Apoptosis in bovine cartilage bearings lubricated with different test solutions. The lower explant cartilage bearings were stained for active caspase-3 (red, left column), and nuclei were counterstained with DAPI (blue, middle column) following friction and wear testing. Images were merged to show colocalization of caspase-3 within cells (right column). We observed many apoptotic cells in the superficial and upper middle zones of PBS and CACP-SF–lubricated samples, whereas few apoptotic cells were observed in the unloaded bearings and in bearings lubricated with HSL, HSF, or CACP-SF + HSL. (Scale bars, 100 μm.)

Fig. 4.

(A) Apoptosis in lower bovine cartilage bearings analyzed by zone. Cartilage explant bearings tested with PBS and CACP-SF had a greater number of cells positive for activated caspase-3 (brown, arrowheads) than bearings lubricated with HSL, HSF, or CACP-SF+HSL and unloaded bearings.

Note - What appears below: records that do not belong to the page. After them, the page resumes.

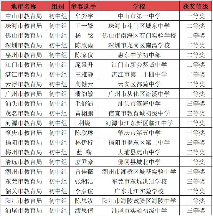 中学组获奖名单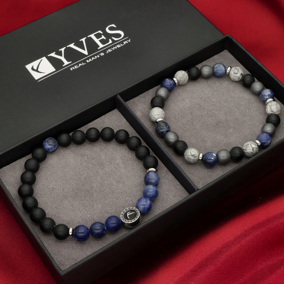 Bransoletki osadzone są na elastycznej, mocnej lince, dzięki czemu dopasowują się do nadgarstka. Całość zapakowana w stylowe, czarne pudełko sygnowane logo YVES – Real Man's Jewelry.
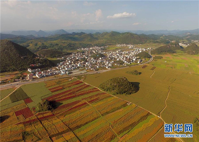 云南羅平的七彩花田(9月5日無人機(jī)拍攝)。 新華社記者楊宗友攝

Cells negative for activated caspase-3 are stained blue. TUNEL staining (brown) confirmed apoptosis in bearings lubricated with PBS and CACP-SF (arrowheads), but few cells were TUNEL positive in the bearings lubricated with HSL, HSF, or CACP-SF+HSL or in unloaded bearings. Cells negative for TUNEL are stained blue. (Scale bars, 100 μm.) (B) Percentage of activated caspase-3 in lower bovine cartilage bearings. Bearings tested with PBS and CACP-SF had significantly higher percentages of apoptotic cells in the superficial and upper middle zones compared with unloaded bearings and bearings lubricated with HSL and HSF. Error bars indicate SD. (C) Correlation of static COF and activated caspase-3 in zone A. A significant correlation (r² = 0.41) between static COF and activated caspase-3–positive cells in zone A (articular surface, 100 μm) was observed for the mechanically tested bearings, across the different lubricants.